On Tue, 30 Jun 2015, Rich Felker wrote:

> Discussion on #musl with Timo Teräs has produced the following
> results:
> 
> - Moving bloom filter size to struct dso gives 5% improvement in clang
>   (built as 110 .so's) start time, simply because of a reduction of
>   number of instructions in the hot path. So I think we should apply
>   that patch.

I think most of the improvement here actually comes from fewer cache misses.
As a result, I think we should take this idea further and shuffle struct dso a
little bit so that fields accessed in the hot find_sym loop are packed
together, if possible.

> - The whole outer for loop in find_sym is the hot path for
>   performance. As such, eliminating the lazy calculation of gnu_hash
>   and simply doing it before the loop should be a measurable win, just
>   by removing the if (!ghm) branch.

On a related note, it's possible to avoid calculating sysv hash, if gnu-hash
is enabled system-wide, by not setting 'global' flag on the vdso item (as
mentioned on IRC in your conversation with Timo).

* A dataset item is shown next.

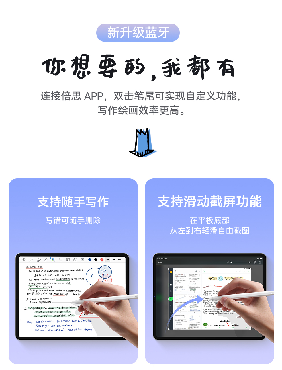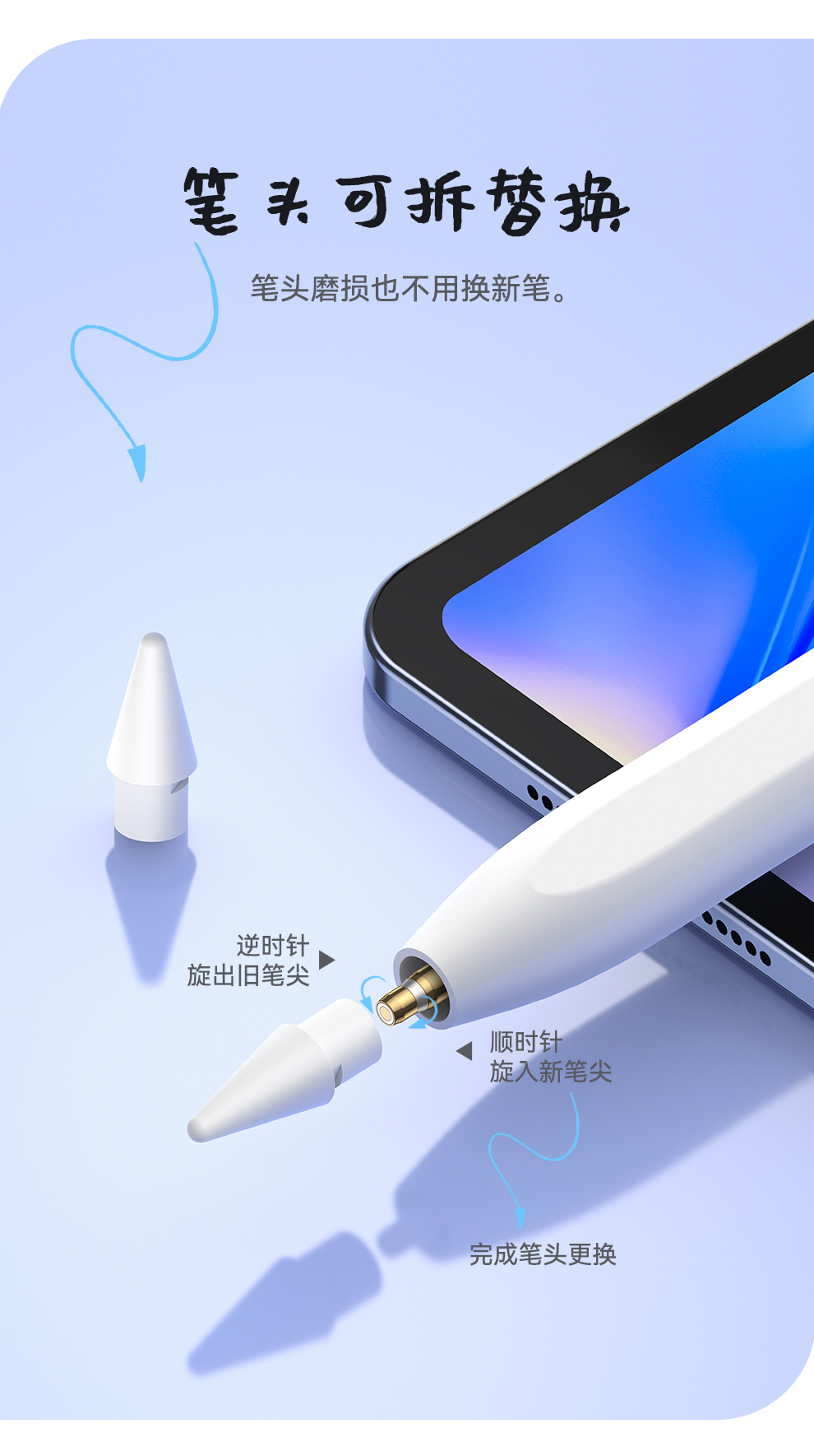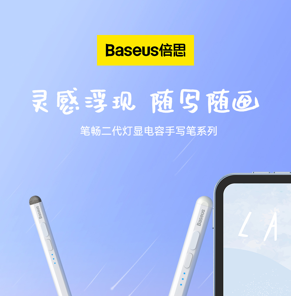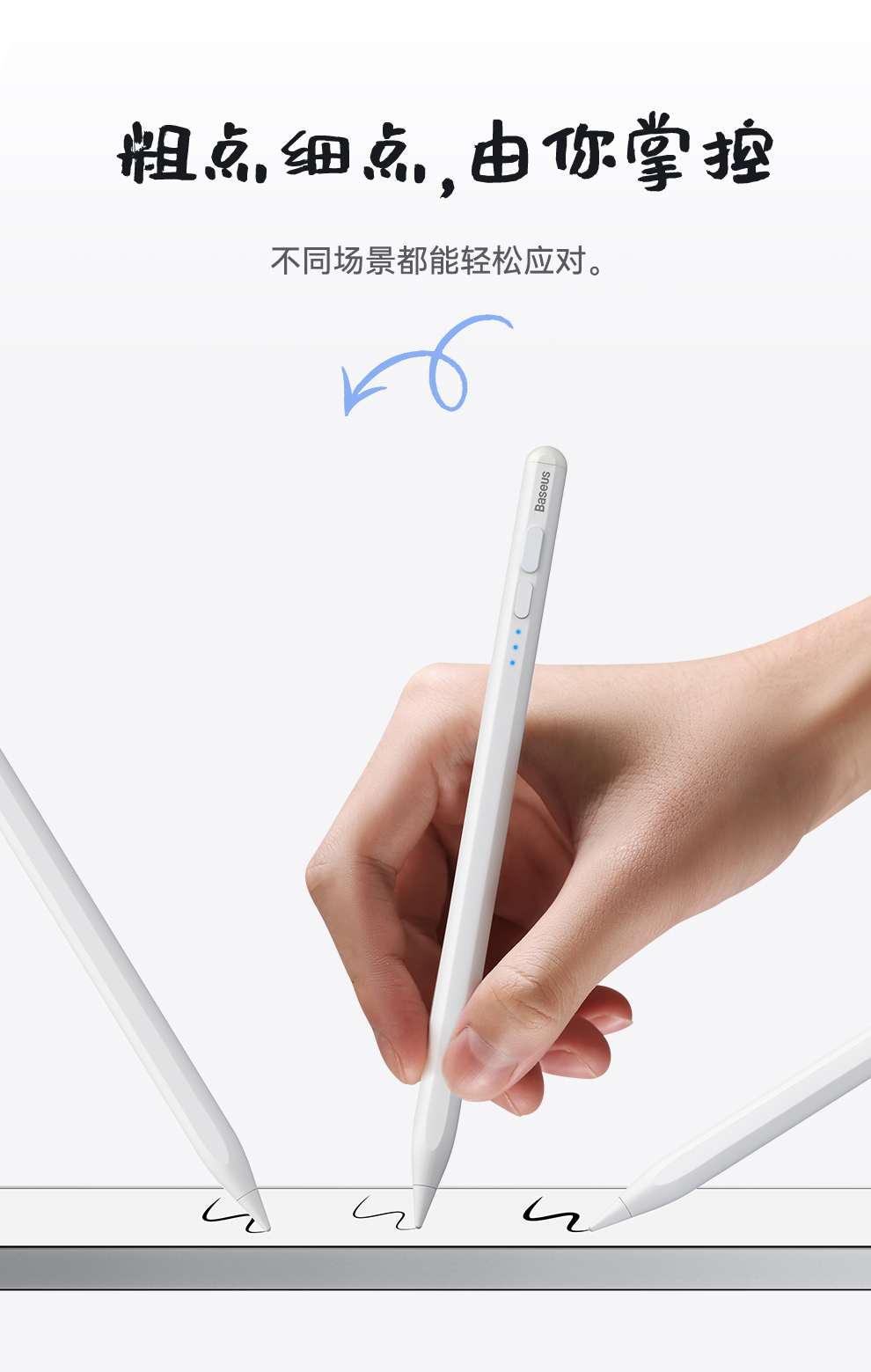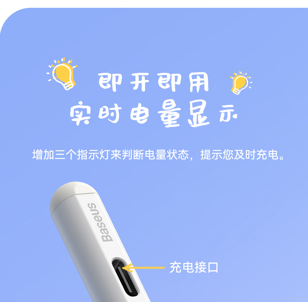 【灯显款】笔畅二代灯显款电容手写笔apple pencil电容笔ipad触控笔防误触 适用ipad/ipad mini/ipad Air/ipad pro

> - Even the check if (!dso->global) continue; has nontrivial cost.
>   Since I want to replace this representation with a separate
>   linked-list chain for global dsos anyway (for other reasons) I think
>   that's worth prioritizing for performance too.

I'm curious what the other reasons are? :)

> - The strength-reduction of remainder operations does not seem to
>   provide worthwhile benefits yet, simply because so little of the
>   overall time is spent on the division/remainder.

On IRC we noted that on AArch64 it's slower than native div/mod on our
microbenchmark, and on ARM the speedup is smaller than expected.  My testing
on x86 indicates that it's not profitable in the dynamic linker (not sure
why).

Alexander